Using thermal and infrared data combined with AI processing, a new visual system can see its surroundings in total darkness as it would in daylight.
HADAR (heat-assisted detection and ranging) combines thermal physics, infrared imaging, and machine learning to pave the way for "fully passive and physics-aware machine perception," according to the Purdue University research team.
Traditional sensors such as LiDAR, radar, and sonar have problems with signal interference and eye safety risks. Video cameras, on the other hand, perform poorly or not at all in low-light conditions such as night, fog, or rain. However, they do provide a realistic image of the environment.
Thermal imaging systems, meanwhile, work well in the dark and are largely independent of weather and light. But the images captured are blurry, lack depth and provide only an abstract picture of the environment.
Robust vision system for robots and autonomous vehicles that is still too slow and bulky for everyday use
The HADAR system aims to combine the best elements of both visualization technologies: Visual data from the robust thermal imaging system is enriched with depth data from an infrared system, and artificial intelligence is used to add more detail, depth, and texture.
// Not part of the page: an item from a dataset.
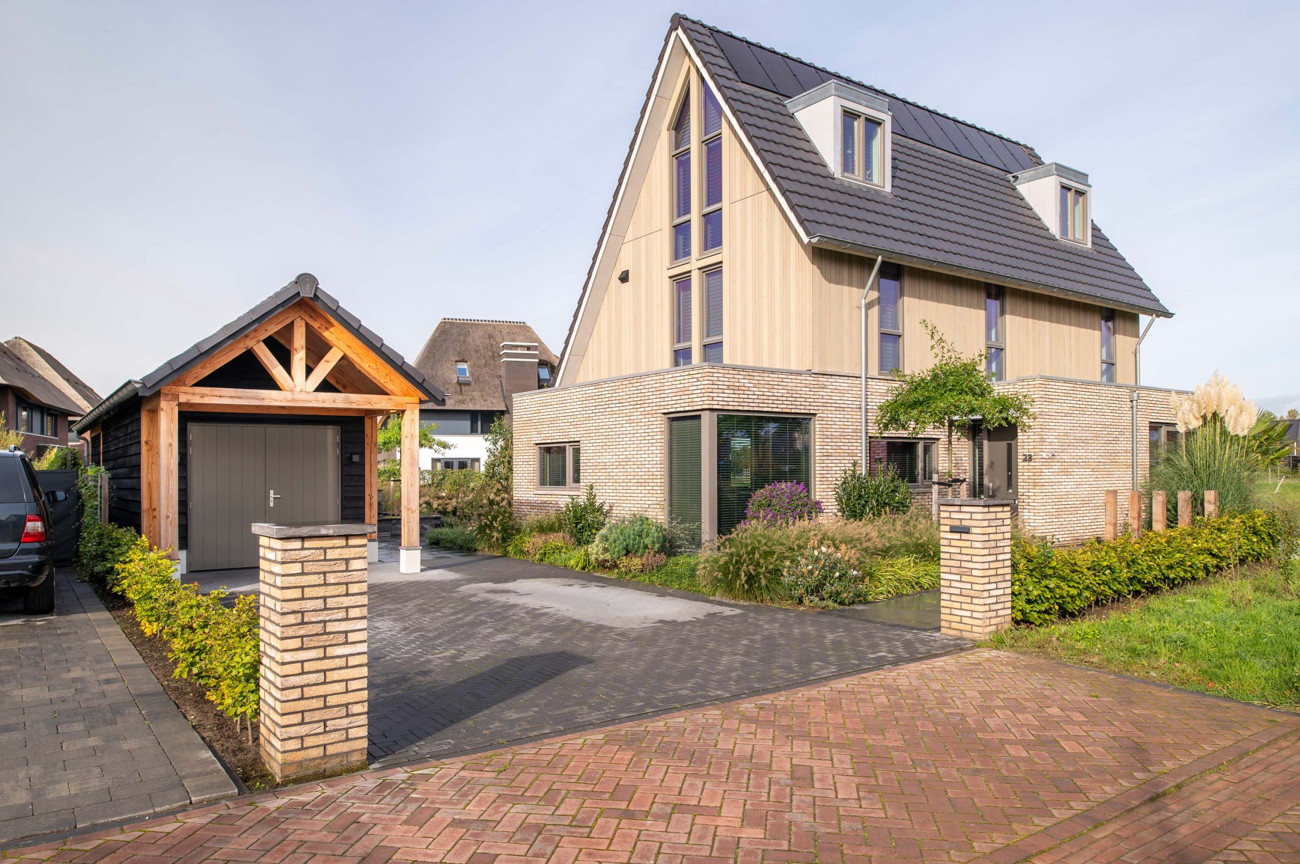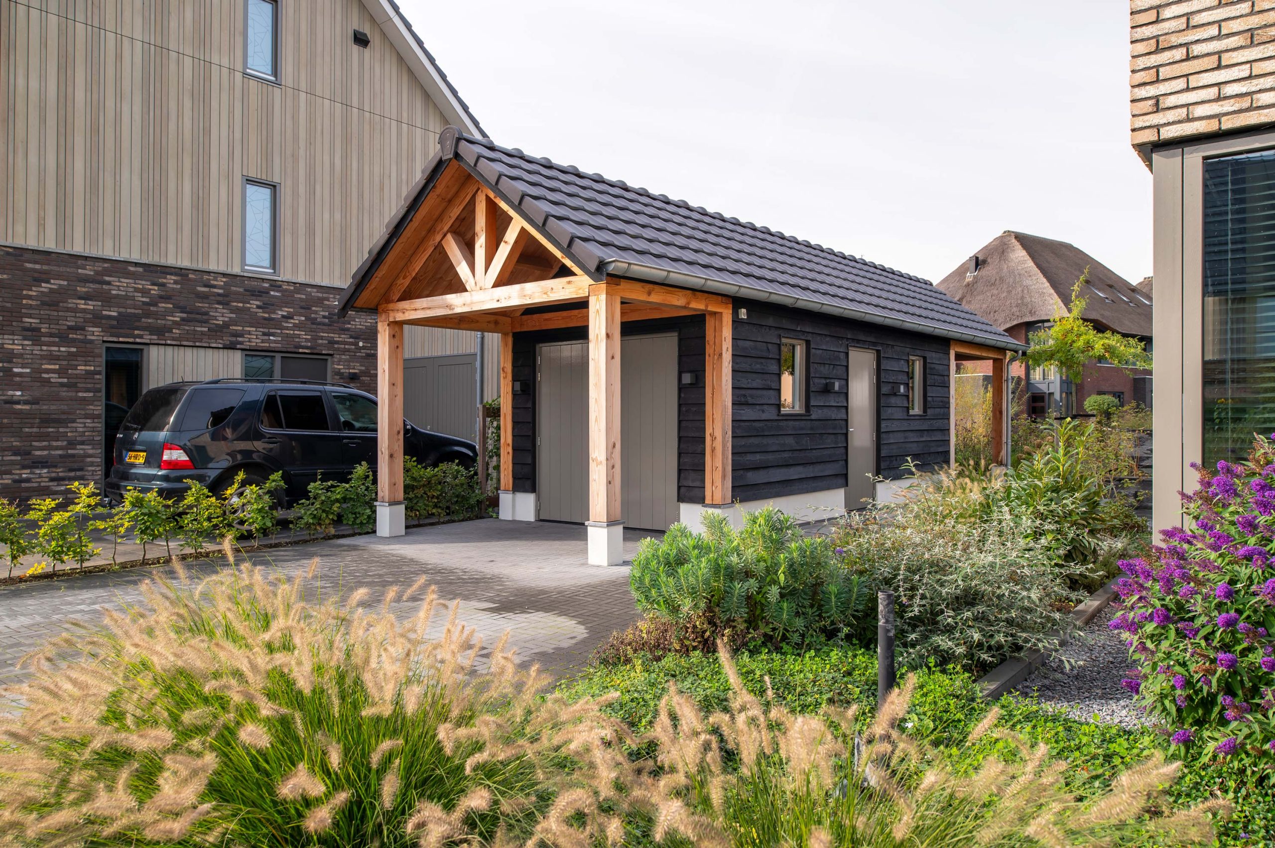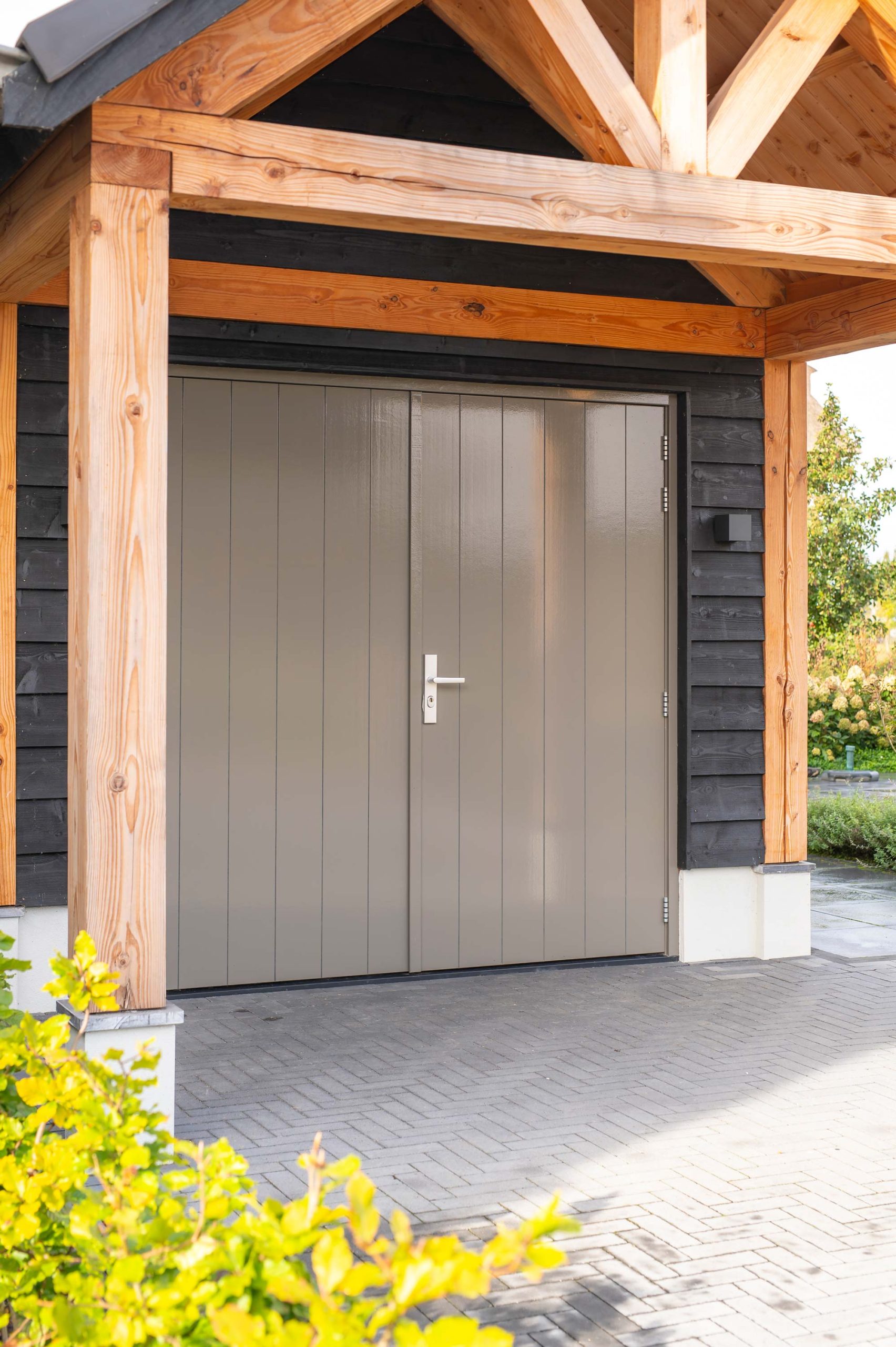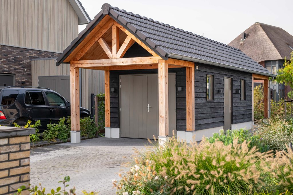 De bewoners van dit huis hadden de wens om een puntschuur op de oprit te realiseren, die doorloopt in de tuin in een veranda. De keuze viel op een puntschuur met veranda. Het gekozen materiaal, douglas hout, kan tegen een stootje en is duurzaam in gebruik. De gestucte borstwering en betonnen vloer passen goed bij het huis en de tuin. Een echte blikvanger! De schuur is geïsoleerd, zodat de spullen binnen goed beschermd zijn tegen bijvoorbeeld vocht.

This allows HADAR to see the world as clearly in total darkness as it does in daylight, according to the research team. It can also detect physical features beyond the range of human vision.
But before HADAR can be built into cars or robots for everyday use, the system needs to get smaller and faster. Currently, it can only capture about one frame per second.
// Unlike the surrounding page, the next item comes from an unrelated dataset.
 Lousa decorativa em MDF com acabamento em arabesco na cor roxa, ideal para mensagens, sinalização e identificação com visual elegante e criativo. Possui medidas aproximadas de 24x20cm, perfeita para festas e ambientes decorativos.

For an image that is reasonably smooth to the human eye, at least 24 frames per second are needed; for safety-related applications, such as autonomous driving cars, 30 frames per second or more would be better. In addition, the system is still too expensive, says Fanglin Bao, a researcher involved in its development.
In addition to autonomous driving and robotics, the research team sees potential applications in agriculture, defense, health care, geosciences, and wildlife monitoring.
The research is supported by the U.S. defense agency DARPA, among others. A patent application is in the works.